Plaintiff’s opposition is also gsilent concerning his efforts to determine whether or not Defendant was negligent. Notably, the only evidence Plaintiff cites to support his contention that fact 3 is undisputed is the Declaration of Epstein, ¶10, which states, “Although I agree with Dr. Spoonamore’s declaration stating that this particular drain has an inherent risk of breaking because it widens and can become tethered to the junction which can cause it to break, I disagree that Dr. Rajaee was not negligent in attempting to remove the drain.” Nothing in this statement concerns the issue of when Plaintiff discovered, or should have discovered, Defendant’s alleged negligence.

Defendant met its initial burden to show the statute of limitations bars Plaintiff’s claims arising out of the broken drain. Plaintiff failed to raise a triable issue of material fact in this regard.

c. Standard of Care/Causation

The Court declines to rule on Defendant’s motion for summary judgment concerning the drain on the ground that it complied with the standard of care and did not cause or contribute to Decedent’s death, as doing so is not necessary to a resolution of the merits of the motion.
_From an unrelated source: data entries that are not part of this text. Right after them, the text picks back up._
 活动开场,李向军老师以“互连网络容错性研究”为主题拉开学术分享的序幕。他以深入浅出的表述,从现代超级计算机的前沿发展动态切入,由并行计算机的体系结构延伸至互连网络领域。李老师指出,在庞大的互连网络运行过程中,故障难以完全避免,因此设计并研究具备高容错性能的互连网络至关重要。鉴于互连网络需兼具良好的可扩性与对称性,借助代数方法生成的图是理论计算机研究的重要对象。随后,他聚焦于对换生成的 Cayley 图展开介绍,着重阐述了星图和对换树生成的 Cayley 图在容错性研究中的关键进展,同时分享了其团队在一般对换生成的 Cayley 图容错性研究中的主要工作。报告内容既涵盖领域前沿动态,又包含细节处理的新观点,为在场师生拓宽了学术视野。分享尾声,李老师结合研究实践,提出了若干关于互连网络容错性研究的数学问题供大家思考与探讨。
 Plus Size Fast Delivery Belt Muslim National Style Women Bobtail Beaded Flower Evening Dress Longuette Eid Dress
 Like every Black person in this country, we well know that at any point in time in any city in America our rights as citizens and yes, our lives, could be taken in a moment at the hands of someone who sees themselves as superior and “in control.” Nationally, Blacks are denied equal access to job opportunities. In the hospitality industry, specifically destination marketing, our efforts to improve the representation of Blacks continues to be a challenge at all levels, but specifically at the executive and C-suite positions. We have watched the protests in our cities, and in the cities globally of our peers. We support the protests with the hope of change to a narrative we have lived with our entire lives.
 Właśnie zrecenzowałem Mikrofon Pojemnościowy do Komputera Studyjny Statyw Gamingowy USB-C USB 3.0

d. Lack of Informed Consent

Plaintiff’s opposition argues Plaintiff did not supply informed consent with respect to the drain. This argument fails for two reasons. First, Plaintiff did not allege lack of informed consent in his complaint, and did not offer up this theory in response to discovery. The pleadings serve as the “outer measure of materiality” in a summary judgment motion, and the motion may not be granted or denied on issues not raised by the pleadings. Laabs v. City of Victorville (2008) 163 Cal.App.4th 1242, 1258.

e. Products Liability

Plaintiff’s opposition also raises issues concerning potential products liability claims against third parties. Those claims are not at issue on Cedars’s motion for summary judgment. Plaintiff is free to pursue any claims against third parties he wishes to pursue, but Plaintiff failed to show how any such claims would affect his case against Cedars.

f. Continuance

The Court notes that Plaintiff, in opposition to the motion, seeks a continuance pursuant to CCP §437c(h). Plaintiff fails, however, to address how a continuance would give rise to discovery of facts to show the statute of limitations does not apply. Indeed, Plaintiff’s attorney’s declaration in support of the request for a continuance is silent in this regard. The request for a continuance is therefore also denied.
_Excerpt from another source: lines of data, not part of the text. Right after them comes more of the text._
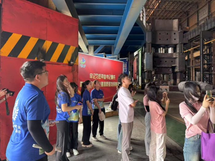 隨后,實踐團隊來到習總書記在中國一重的重要一站,深入重型機械生產車間,在轟鳴的機床與精密的裝配線間,三方成員深刻觸摸到“工匠精神”的千鈞分量。從大型工程機械的模塊化設計以適應山區道路運輸,到農用機械與高標準農田建設的參數匹配,每一個細節的打磨都凝聚著“追求極致、久久為功”的匠心。此次調研讓三方成員清晰了“大國重器”與“鄉村振興”的深層聯動邏輯:在黨建聯建的引領下,以匠心精神淬煉科技精度,以國際視野拓展應用邊界,將“大國重器”的硬核實力轉化為鄉村基建的“升級動能”,方能持續提升“基建興村”的質量指標與效益指數,讓科技強國的成果真正扎根鄉土、惠及民生。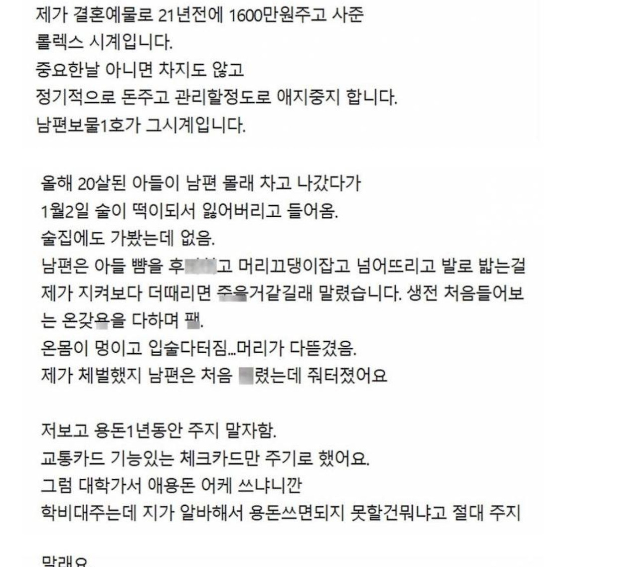 [기타]남편시계를 훔쳐들고 나가서 잃어버린 아들 작성자JB|작성시간26.01.07|조회수818 목록 댓글 7 글자크기 작게가 글자크기 크게가 다음검색 현재 게시글 추가 기능 열기 북마크 공유하기 신고 센터로 신고 댓글 댓글 7 댓글쓰기 답글쓰기 댓글 리스트 작성자JB | 작성시간 26.01.07 당연히 저래야지 용돈도 많이줬구만 작성자JB | 작성시간 26.01.07 아버지가 아끼는걸 알면서도.. 몰래 가져가서 잃어버리기까지 했네 작성자JB | 작성시간 26.01.07 ㅈㄴ오냐오냐 자랐네 작성자JB | 작성시간 26.01.07 아들은 저래야함.. 답댓글 작성자JB | 작성시간 26.01.07 22 지금 글만봐도 정신못차린게보임 댓글 전체보기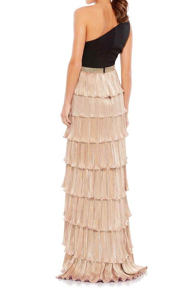 Ieena Mac Duggal 26541 One-Shoulder Ruffle Tiered Gown SZ 8 Black Gold

4. Motion to File Records Under Seal

Defendant filed an application to file records under seal as a companion to the motion for summary judgment.

When seeking to have records filed under seal, a written motion or application is required, accompanied by points and authorities and by declarations stating facts supporting the findings required for a sealing order. CRC 2.551(b); see H.B. Fuller Co. v. Doe (2007) 151 Cal.App.4th 879, 894. Defendant failed to file any points and authorities in support of the application.

Additionally, Defendant failed to comply with the proper procedures for having records filed under seal. Defendant was supposed to lodge the documents with the clerk in a separate envelope sealed and labeled “CONDITIONALLY UNDER SEAL.” CRC 2.551(b), (d), (e). Defendant failed to do so. Pursuant to Savaglio v. Wal-Mart Stores, Inc. (2007) 149 Cal.App.4th 588, 601, if a party files documents with the Court prior to obtaining an order sealing the documents, the right to move for such an order is waived.

For all of the foregoing reasons, the application to file documents under seal is denied.

Defendant is ordered to give notice.